2. In the Methods section, please consider addressing patients undergoing calcimimetic treatment. If included, add calcimimetics to the current medication history and consider them as a confounding variable in statistical analysis.

3. In the Study Measures section, please provide more details regarding the dosage of the parathormone kit.

4. In the Analysis Plan, please explicitly mention the variables used in regression analysis.

5. In the Results section, address the very low level of 25-hydroxyvitamin D. Explain how the authors interpret this data.

6. In Table 1, please define the history of the type of transplant being referred to.

7. In Table 1, please include data regarding inactive vitamin D supplementation.

8. In Figure 1, please ensure that the groups are consistently divided into non-osteoporosis and osteoporosis, as the figure currently reports data categorized into three groups.
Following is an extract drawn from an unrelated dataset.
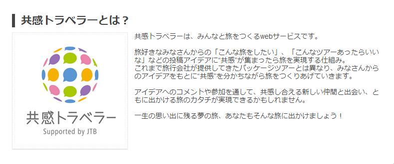 「共感トラベラー」は、ユーザーが発案した旅行アイデアを、PC・スマートフォン専用サイト上に書き込み、アイデアに共感する閲覧者とともにサイト上で旅行プランを具体化していき、一定数の参加希望が集まると、JTBが旅行商品化をするというサービス。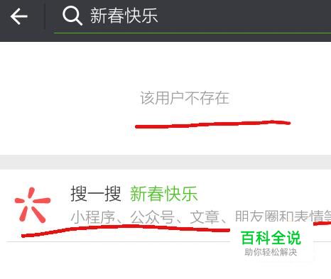 点击进入手机微信,在搜索栏中输入“新春快乐”,显示无用户,点击下方“搜一搜”

Please, homogenize the data.

9. In the Background Characteristics of the Patients (line 157, page 8), pleae note that the figure 1 in the brackets (Bone Mineral Density Distribution) does not match with the text (vitamin D lab results).

10. Tables 2 and 3: Divide Univariate and Multivariate analyses into two separate tables.

11. In the Discussion, please highlight the strengths of this study.

12. Please perform an extensive English language revision.

[Note: HTML markup is below. Please do not edit.]

Reviewers' comments:

Reviewer's Responses to Questions

Comments to the Author

1. Is the manuscript technically sound, and do the data support the conclusions?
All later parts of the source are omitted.